There are those who believe that Serbia must walk decisively towards Brussels, but it is desirable that EU will also take crucial steps, even before it fulfils all requirements. A development of nation by osmosis. Orwise process could be overstretched and worn up to most enthusiastic. "We will not be prepared in short term." "The EU needs to get inside and from re Finiquitaríamos reforms," says Vladimir Peric, a political science activist and PhD student who occasionally appears in Serbian press for ir judicial battles with government.

Vladimir Peric, 36 years old, faces a trial for insulting president of Serbia given DJILAS

Peric, 36 years old, is prosecuted for walking around Belgrade with a banner and a megaphone calling dictator to President Vucic. He sees in this case a judicial persecution for his ideas, which in his opinion speaks of poor quality of freedom of expression in Serbia, something that can only be solved, he explains, with more democracy and openness. He says he has no money to pay fine in case he is convicted and most likely ends up in prison. It is European even though his grandfar fought shotgun with Russians during World War II. Isn't re a contradiction here? "No, my family always fights for freedom, no matter whose side." "And that ideal is now European," he replies.

Although it does not happen to him, a part of country seems immersed in a paradox, especially younger ones. At 42% would like to see implemented Russian political system Vladimir Putin in his country, according to a survey of Euro-Atlantic studies (CEAS), but at same time 70% chooses United States or Europe as ideal place to live. Two latent tensions, on one hand ideal of an autocracy, a nation with great leaders of messianic dyes; And on or democratization of society and rule of law.

Vucic himself, a friend of Putin, may seem dubious between Brussels and Moscow, an ambiguity that has sometimes been reproached by European leaders, but his statements and reforms undertaken to meet union standards go in one direction. Minister during last government of Slobodan Milosevic, former dictator who led his country to war, as a young man was a Serbian ultranationalist drenched in warlike and patriotic rhetoric.
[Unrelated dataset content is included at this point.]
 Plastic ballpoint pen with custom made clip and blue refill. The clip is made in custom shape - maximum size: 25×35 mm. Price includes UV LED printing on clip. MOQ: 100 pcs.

It created a more moderate, albeit conservative, party in its essence, and began a personal and political shift that seems destined to end in Brussels. Its goal is to gain access to club of 27 in 2022, although European leaders see 2025 as a more realistic date.

Some political analysts consider that president makes a double game. It embraces European values, shows itself as a reformer, and at same time, from doors to inside, teaches Serbian nationalist that makes him so popular. Last week, Vucic criticized Bosnian Muslim's condemnation of genocide of Ratko Mladic, and at same time asked Serbs to look to future and not to regret more about what happened in past. At no time did you regret what happened.
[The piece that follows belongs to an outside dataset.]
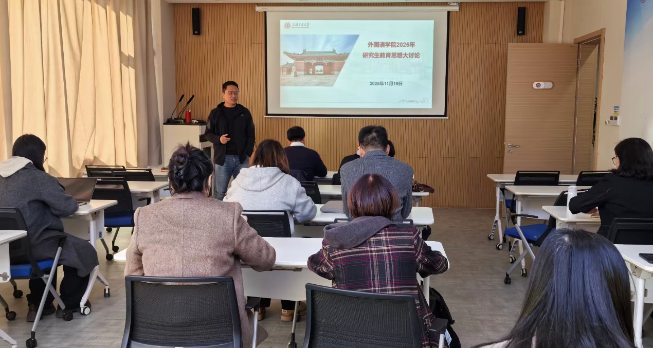 11月19日,外国语学院研究生教育思想大讨论暨导师座谈会在杨咏曼楼107会议室顺利召开。外国语学院院长尚必武,副院长陶庆、甄凤超,学院研究生导师以及教科办学工办相关老师参加会议,会议由学院副院长甄凤超主持。

"Parliament is full of people who were with Milosevic," says Gavrilo Vucetic, a 21-year-old film and television student. He is accused, along with Pavle Terzic, 22, a student of dramatic art, of organizing "illegal" protests against victory of Vucic in April, which took thousands of people to street in Belgrade. They are a kind of local heroes who have defied system, which y consider "a dictatorship." Vucetic explains that when y were born y were immersed in a traumatic war and, now that y have become older, y live in a nation where wages are not good (less than 300 euros minimum), enchufismo prevails in public administration and only way out, in Chances are to emigrate.

Pavle Terzic, a student prosecuted for organizing massive marches against government in March, portrayed in Belgrade given DJILAS

Vucetic is not a supporter of joining EU, Terzic yes. One of doubts that both are dragging is wher Brussels club will look at m badly, as only barbarians guilty of what happened in Nineties in Balkans. But on second thought, y say, it's time to erase those ghosts and find a reconciliation. For that, y believe, young people, like m or those who dance in U-turn, have to have ir space and that ir word is taken into account. Something is moving in Serbia, even if it is not seen at first sight.